Every line of the listing must be reproduced as it stands. Leave the images behind.

*** COLLECTED DATA Section Begins ***

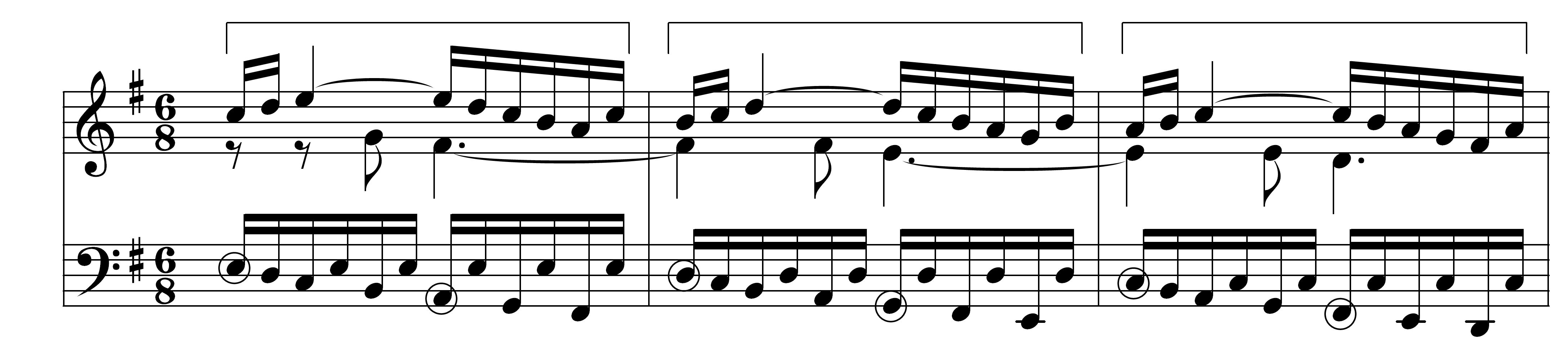 Musical example of a sequence from Johann Sebastian Bach's Fugue in G major BWV 860, mm. 17-19.
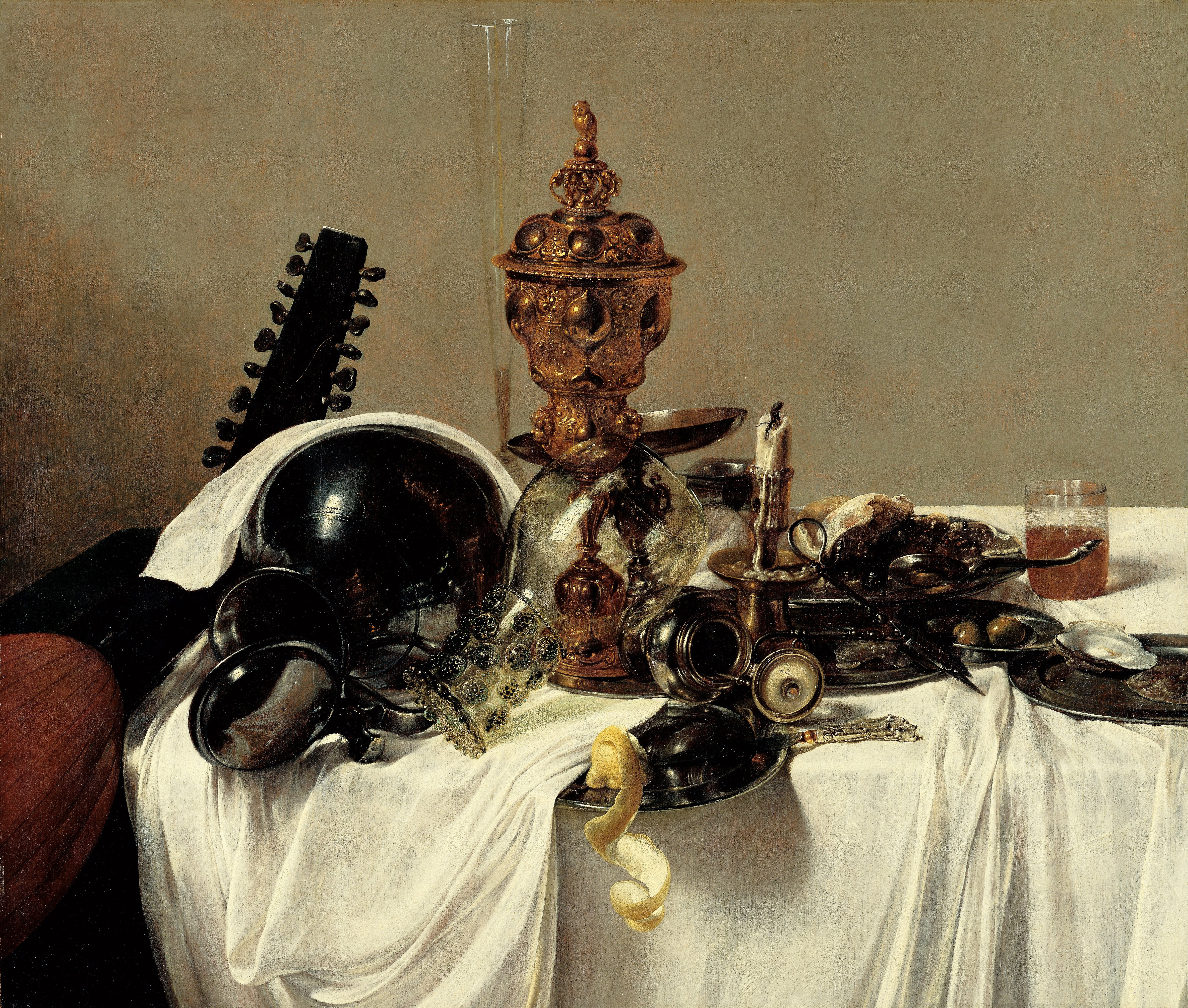 Banquet Piece. circa 1635. Jan Jansz. den Uyl. Oil on cradled panel. 31 5/16 x 36 7/8 in. (79.5 x 93.7 cm). North Carolina Museum of Art via Google Cultural Institute.
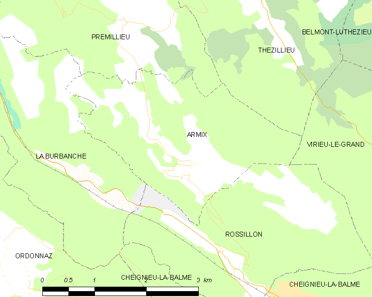 Map of French commune: Armix Map commune FR insee code 01019.png

*** COLLECTED DATA Section Ends ***

◆ **EXERCISE OUTPUT**
 Musical example of a sequence from Johann Sebastian Bach's Fugue in G major BWV 860, mm. 17-19.
 Banquet Piece. circa 1635. Jan Jansz. den Uyl. Oil on cradled panel. 31 5/16 x 36 7/8 in. (79.5 x 93.7 cm). North Carolina Museum of Art via Google Cultural Institute.
 Map of French commune: Armix Map commune FR insee code 01019.png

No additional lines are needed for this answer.